Few studies have investigated the potential of diffuse reflectance spectroscopy for detecting tissue cancerous changes. Intrinsic differences on optical properties between malignant and benign lesions/normal tissues were found and were related directly to the changes in tissue physiology and morphology that occurred during cancer transformation. Clinical spectroscopic measurements and analyses have been performed on various organ sites including the lung. In particular, Bard et al. have performed spectral measurements and analysis on the abnormal lesions that were identified during fluorescence bronchoscopy and they found significant changes on both absorption-related and scattering-related physiological and morphological properties when tissue became malignant. They have also evaluated the potential of such spectral measurements for improving lung cancer detection specificity. However, their measurements were still conducted using a fiber optic probe inserted through the endoscope instrument channel and been in contact with the tissue surface during the measurement.

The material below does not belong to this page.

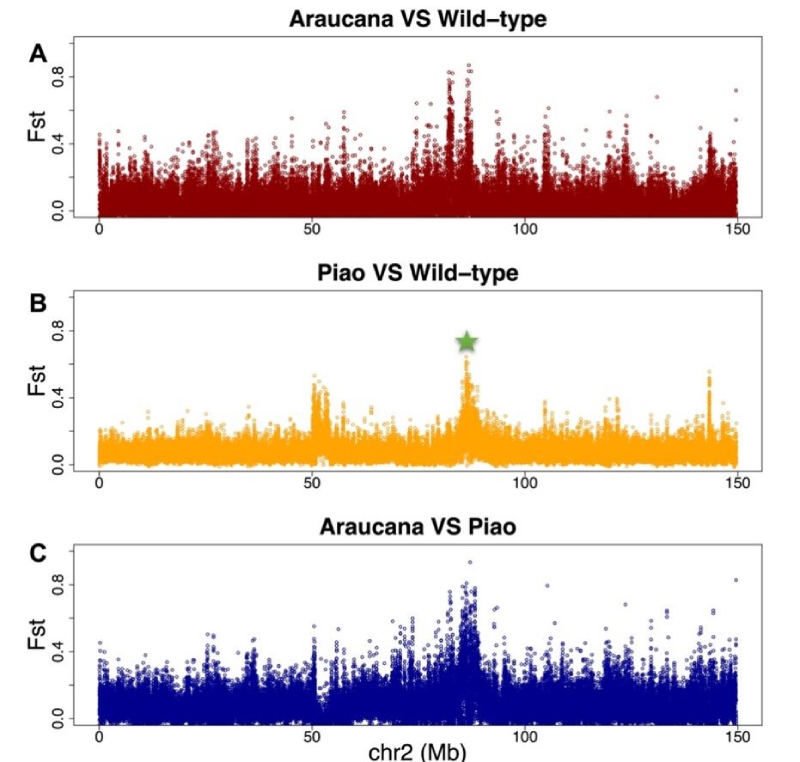 ]]>該研究以瓢雞和仙居雞為親本建立回交家系,以探索瓢雞無尾特征的遺傳機(jī)制和分子基礎(chǔ)。通過全基因組關(guān)聯(lián)和連鎖分析,研究人員將無尾性狀的候選區(qū)域精確定位到798.5 kb的區(qū)間內(nèi)(chr2:86.9-87.7 Mb)。

In principle, DRS as used in the clinical setting is performed in the following manner. An optical fiber probe, fiber-optic bundle, inserted through the biopsy channel of the endoscope and, coupled to a spectrometer, is brought into contact with the tissue surface. The optical fiber probe consists of an illuminating fiber/fiber optical bundle, typically the central core and surrounding fibers/fiber optical bundles for capturing the returning radiation. Light leaves the illuminating fiber and enters the tissue under investigation. After the processes of scattering and absorption, light that leaves the tissue is captured by the detecting fibers and directed into a spectrometer. The spectrum may than further analyzed to determine the characteristics of the tissue.

Despite the fact that employment of the contact probe geometry gives more controlled diffuse reflectance measurements with less measurement artefacts, the limitation of this kind of measurement is that it is awkward and time consuming for in vivo endoscopic imaging of internal organs.